İşte eşsiz bir eser daha! 12 İon kent devletinin en ünlüsü Milet’te, M.S. II. yüzyılda İmparator Hadrian zamanında inşa edilmiş mermer kapının önündeyim. Bu kapının tam adı “Milet Güney Agora Kuzey Kapısı”. Vatanı Aydın ilimizin, Söke ilçesinin Balat köyü. 16 metre yüksekliğinde ve 30 metre genişliğinde ve 1600 ton ağırlığında bir kapı. İki katlı ve üç girişi olan bu kapı Efes’teki Celsus kütüphanesini andırıyor. Alman arkeolog Theodor Wiegand tarafından 1896’da bulunmuş ve Osmanlı yöneticilerine önemsiz denilerek 1903 yılında Berlin’e kaçırılmış. Sadece kapı değil kaçırılan, bir de Miletli bir zenginin evinin tabanında bulunan Kalliope’nin oğlu ozan Orpheus’a adanmış mozaik yer döşemesi var. Kapının karşısında yerde sergileniyor.

ABDÜLHAMİT’İN HEDİYESİ

Mşatta Sarayı Ürdün’de Amman’ın güneyinde Emeviler tarafından 8. yüzyılda yapıldığı kabul edilen bir çöl sarayı. Zengin taş oymalarla bezenmiş olan sarayın güneye bakan ana cephesinde, tam 47 metre uzunluğunda ve 5 metre yüksekliğinde, asmalar, aslanlar ve kuşlarla süslü bir giriş vardı. Padişah II. Abdülhamit, 1903 yılında, bu saray girişini Kayzer II. Wilhelm’e hediye etmiş, Almanya’ya göndermiş. Evini soyan hırsıza “soyarken çok yoruldun, bu da benden sana hediye” demiş! Halbuki müthiş bir maden bulduklarının farkında olan Almanlar, Konya-Bağdat Demiryolu imtiyazını aldıklarında “Bağdat Demiryolu Kumpanyası” kurmuşlar. Hemen anlaşmaya hat boyunca arkeolojik eserler aramak, kazı yapmak, devlete ait toprakların mülkiyetini imtiyaz sahiplerine (kumpanyaya) bedelsiz devretmek gibi önemli maddeleri de ekleyivermişler. Davul çalarak yapacakları talanı resmi hale getirmişler ama gözler kör, kulaklar sağır olmuş!!!

HALEP ODASI

Şimdi Halep’te zengin bir tüccara ait 1601 yılında yapılmış evin bir odasındayım. Oda, tek tek sanatçılar tarafından işlenmiş ve boyanmış ahşap kaplamalarla bezenmiş. 2.60 metre yüksekliğinde 35 metre uzunluğunda bir sanat eseri. Musevi, Hıristiyan ve Müslüman kültürüne ait desenler, insan, hayvan, çiçek resimleri ve mısralar. Oda 1912 yılında Friedrich Sarre tarafından Halep’ten sökülmüş, Berlin’e getirilmiş. Sarre bir gezgin, arkeolog ve sanat tarihçi sonra profesör de olmuş. Zeus sunağını soyan Humann’ı örnek alarak başlamış işe Sarre. Ön Asya, Mezopotamya ve İran’da kazılar yapmış. Abbasi halifeliğinin merkezi Samarra şehrini talan etmiş.

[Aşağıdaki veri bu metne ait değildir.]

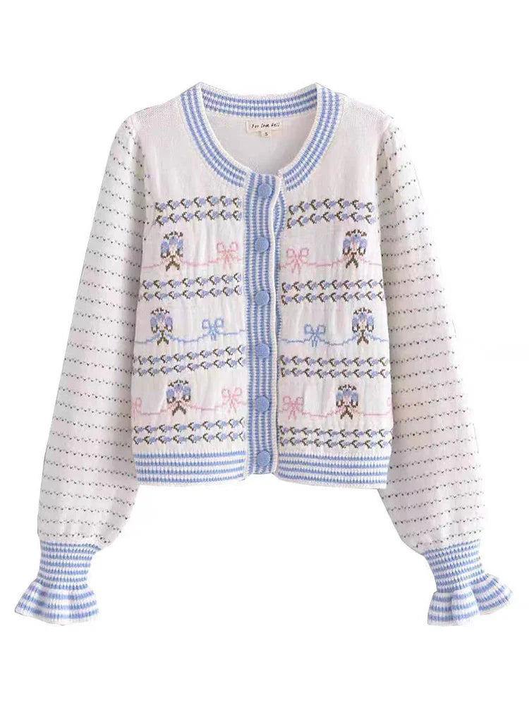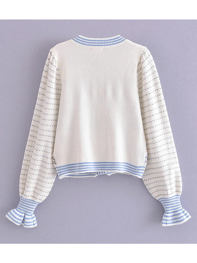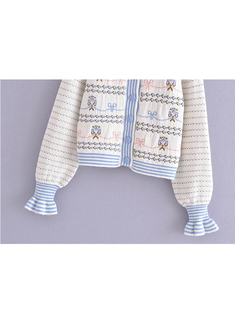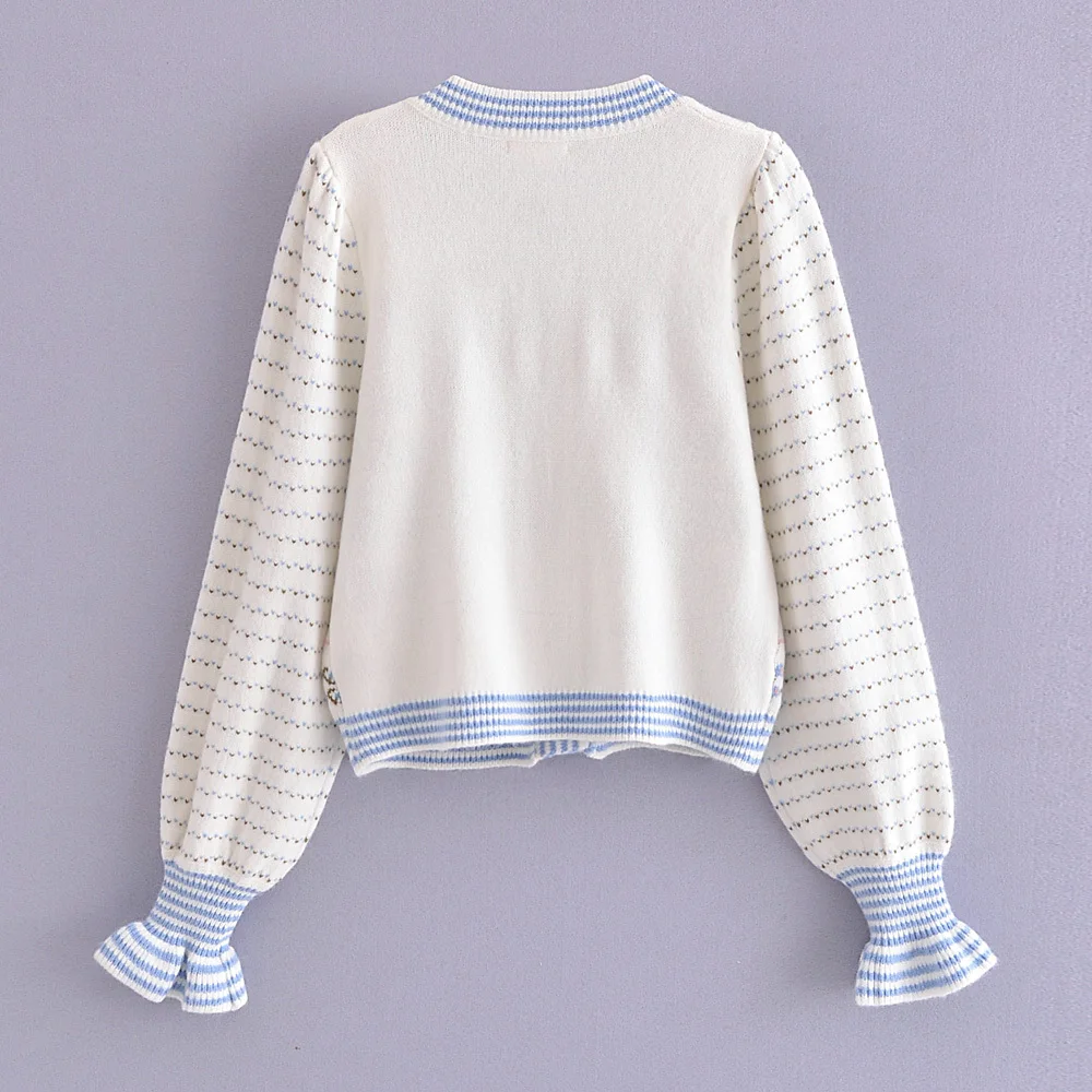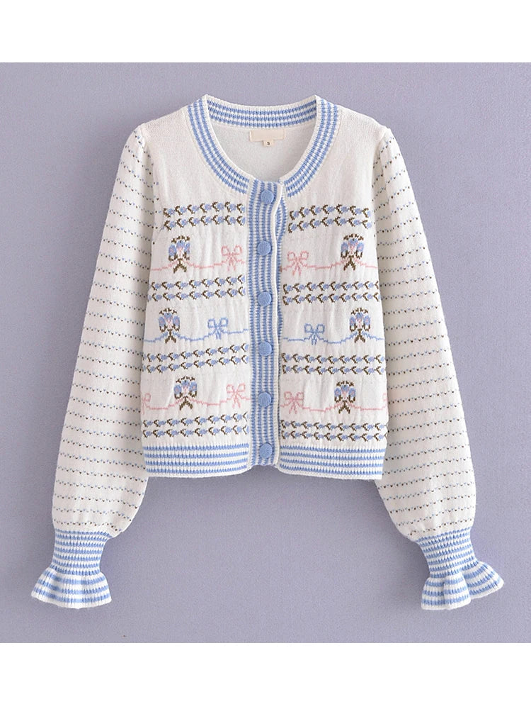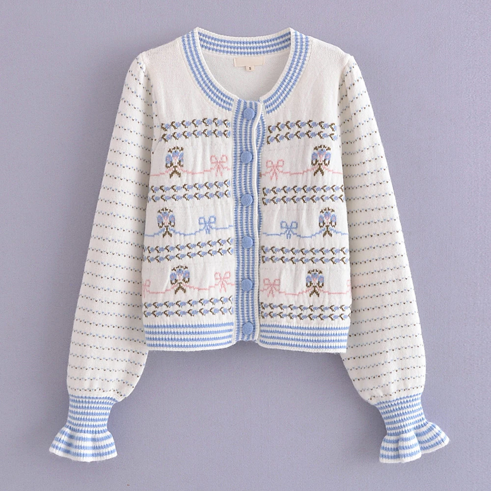 Yipinpay 2024 Fashion Women Single Breasted Cardigan Sweater Coat Vintage Lantern Sleeve Female Autumn Soft Outerwear

1907’de yerinden sökülerek götürülen Konya Beyhekim Camii Mihrabı ve “altın kadar değerli” diyerek sunulan çiniler, halılar, kilimler, Hitit, Urartu, Asur’dan binlerce kültür hazinesi, hepsi Pergamon’da. Büyükelçisinden, yol mühendisine, profesörüne, müze yöneticisine, misyonerine kadar batılılar kültür hazinelerini talan etmeyi iş ve alışkanlık edinmiş. Peki ev sahibinin hiç mi suçu yok? Olmaz mı? Tam da bu yüzden yerlisi yabancısı halen kültür hazinelerimizi talan etmeye devam ediyor.